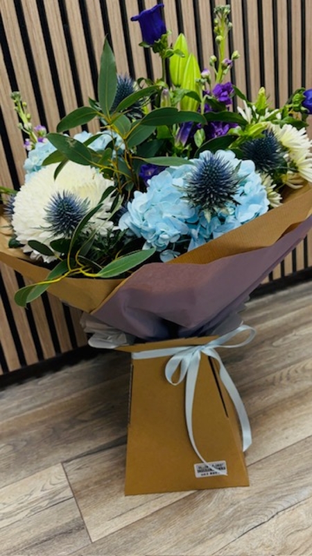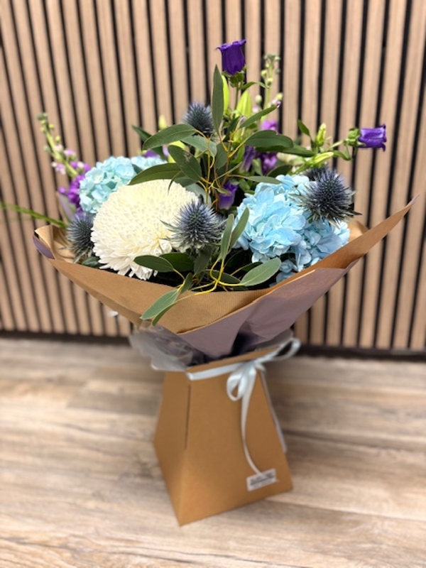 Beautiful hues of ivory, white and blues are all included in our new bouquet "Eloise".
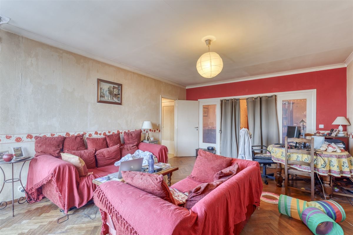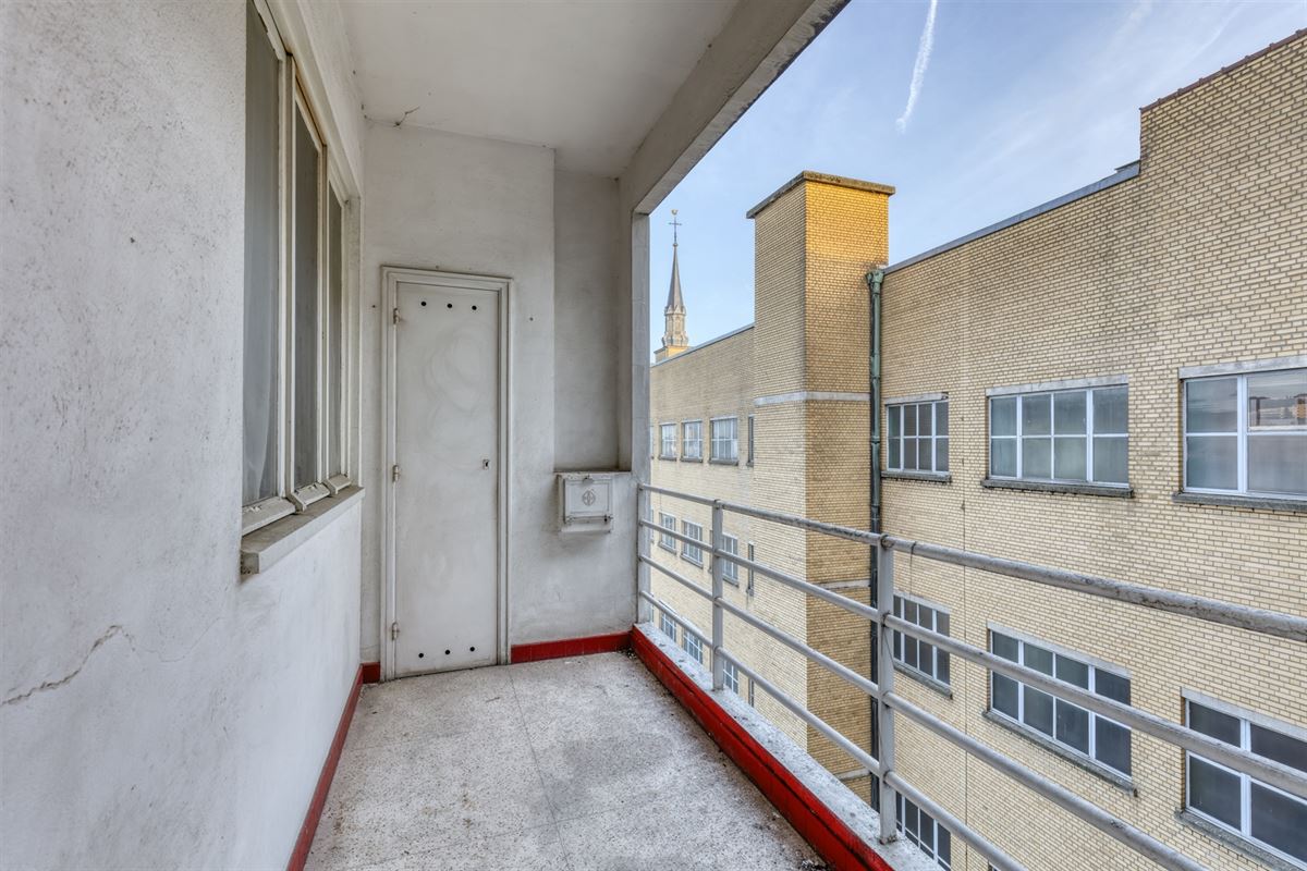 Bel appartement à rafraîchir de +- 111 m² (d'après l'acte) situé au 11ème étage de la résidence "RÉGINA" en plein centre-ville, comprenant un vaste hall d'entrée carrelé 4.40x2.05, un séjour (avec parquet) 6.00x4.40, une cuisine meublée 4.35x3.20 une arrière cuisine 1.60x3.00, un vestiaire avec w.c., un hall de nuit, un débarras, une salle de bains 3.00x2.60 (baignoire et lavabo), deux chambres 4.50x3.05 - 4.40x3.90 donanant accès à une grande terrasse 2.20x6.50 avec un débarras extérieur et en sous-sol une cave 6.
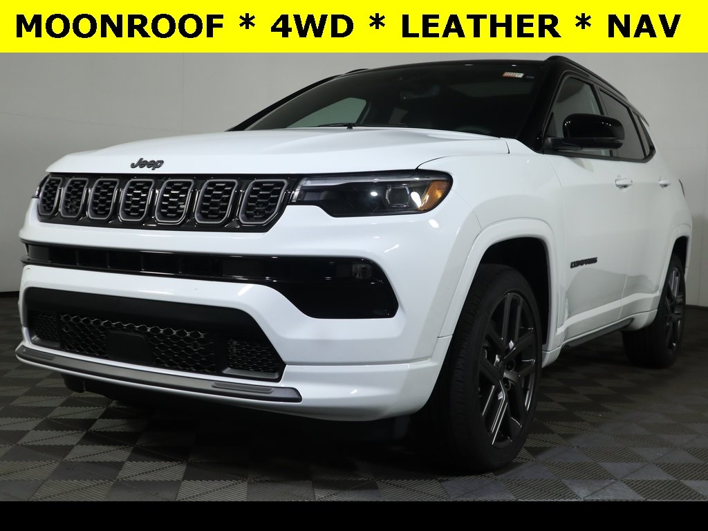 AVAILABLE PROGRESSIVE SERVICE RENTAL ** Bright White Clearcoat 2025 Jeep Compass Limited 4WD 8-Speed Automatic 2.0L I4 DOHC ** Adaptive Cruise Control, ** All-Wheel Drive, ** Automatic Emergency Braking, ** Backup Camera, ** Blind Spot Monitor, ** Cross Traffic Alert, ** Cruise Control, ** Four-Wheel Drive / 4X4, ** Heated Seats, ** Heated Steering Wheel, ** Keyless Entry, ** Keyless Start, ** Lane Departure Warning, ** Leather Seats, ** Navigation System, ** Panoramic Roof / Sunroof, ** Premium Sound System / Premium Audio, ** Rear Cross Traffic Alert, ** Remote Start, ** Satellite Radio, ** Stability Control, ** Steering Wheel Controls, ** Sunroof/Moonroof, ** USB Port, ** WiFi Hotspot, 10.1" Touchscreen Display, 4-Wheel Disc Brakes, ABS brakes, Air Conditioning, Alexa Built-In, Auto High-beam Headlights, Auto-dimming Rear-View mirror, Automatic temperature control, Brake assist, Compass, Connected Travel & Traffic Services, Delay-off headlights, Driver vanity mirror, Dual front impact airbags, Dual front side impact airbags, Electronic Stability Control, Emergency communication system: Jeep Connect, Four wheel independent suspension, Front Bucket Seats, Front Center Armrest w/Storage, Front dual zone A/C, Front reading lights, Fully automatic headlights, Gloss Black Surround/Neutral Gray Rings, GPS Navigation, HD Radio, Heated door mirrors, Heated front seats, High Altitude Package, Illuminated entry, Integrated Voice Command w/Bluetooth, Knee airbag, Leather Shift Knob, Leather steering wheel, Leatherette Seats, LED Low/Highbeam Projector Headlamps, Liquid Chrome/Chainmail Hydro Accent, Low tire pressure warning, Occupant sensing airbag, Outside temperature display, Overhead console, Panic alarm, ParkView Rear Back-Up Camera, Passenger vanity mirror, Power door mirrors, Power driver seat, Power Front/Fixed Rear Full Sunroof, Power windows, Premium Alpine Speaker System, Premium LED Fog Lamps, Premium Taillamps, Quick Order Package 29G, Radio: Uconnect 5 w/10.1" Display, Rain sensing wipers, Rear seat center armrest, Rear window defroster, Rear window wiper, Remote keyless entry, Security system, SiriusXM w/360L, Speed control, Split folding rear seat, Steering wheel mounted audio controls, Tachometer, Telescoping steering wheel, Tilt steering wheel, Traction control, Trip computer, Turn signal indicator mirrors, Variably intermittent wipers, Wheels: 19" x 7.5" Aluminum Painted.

TASK TO COMPLETE: All of the data above should be transcribed verbatim, with pictures omitted.

EXERCISE ANSWER:
 Beautiful hues of ivory, white and blues are all included in our new bouquet "Eloise".
 Bel appartement à rafraîchir de +- 111 m² (d'après l'acte) situé au 11ème étage de la résidence "RÉGINA" en plein centre-ville, comprenant un vaste hall d'entrée carrelé 4.40x2.05, un séjour (avec parquet) 6.00x4.40, une cuisine meublée 4.35x3.20 une arrière cuisine 1.60x3.00, un vestiaire avec w.c., un hall de nuit, un débarras, une salle de bains 3.00x2.60 (baignoire et lavabo), deux chambres 4.50x3.05 - 4.40x3.90 donanant accès à une grande terrasse 2.20x6.50 avec un débarras extérieur et en sous-sol une cave 6.
 AVAILABLE PROGRESSIVE SERVICE RENTAL ** Bright White Clearcoat 2025 Jeep Compass Limited 4WD 8-Speed Automatic 2.0L I4 DOHC ** Adaptive Cruise Control, ** All-Wheel Drive, ** Automatic Emergency Braking, ** Backup Camera, ** Blind Spot Monitor, ** Cross Traffic Alert, ** Cruise Control, ** Four-Wheel Drive / 4X4, ** Heated Seats, ** Heated Steering Wheel, ** Keyless Entry, ** Keyless Start, ** Lane Departure Warning, ** Leather Seats, ** Navigation System, ** Panoramic Roof / Sunroof, ** Premium Sound System / Premium Audio, ** Rear Cross Traffic Alert, ** Remote Start, ** Satellite Radio, ** Stability Control, ** Steering Wheel Controls, ** Sunroof/Moonroof, ** USB Port, ** WiFi Hotspot, 10.1" Touchscreen Display, 4-Wheel Disc Brakes, ABS brakes, Air Conditioning, Alexa Built-In, Auto High-beam Headlights, Auto-dimming Rear-View mirror, Automatic temperature control, Brake assist, Compass, Connected Travel & Traffic Services, Delay-off headlights, Driver vanity mirror, Dual front impact airbags, Dual front side impact airbags, Electronic Stability Control, Emergency communication system: Jeep Connect, Four wheel independent suspension, Front Bucket Seats, Front Center Armrest w/Storage, Front dual zone A/C, Front reading lights, Fully automatic headlights, Gloss Black Surround/Neutral Gray Rings, GPS Navigation, HD Radio, Heated door mirrors, Heated front seats, High Altitude Package, Illuminated entry, Integrated Voice Command w/Bluetooth, Knee airbag, Leather Shift Knob, Leather steering wheel, Leatherette Seats, LED Low/Highbeam Projector Headlamps, Liquid Chrome/Chainmail Hydro Accent, Low tire pressure warning, Occupant sensing airbag, Outside temperature display, Overhead console, Panic alarm, ParkView Rear Back-Up Camera, Passenger vanity mirror, Power door mirrors, Power driver seat, Power Front/Fixed Rear Full Sunroof, Power windows, Premium Alpine Speaker System, Premium LED Fog Lamps, Premium Taillamps, Quick Order Package 29G, Radio: Uconnect 5 w/10.1" Display, Rain sensing wipers, Rear seat center armrest, Rear window defroster, Rear window wiper, Remote keyless entry, Security system, SiriusXM w/360L, Speed control, Split folding rear seat, Steering wheel mounted audio controls, Tachometer, Telescoping steering wheel, Tilt steering wheel, Traction control, Trip computer, Turn signal indicator mirrors, Variably intermittent wipers, Wheels: 19" x 7.5" Aluminum Painted.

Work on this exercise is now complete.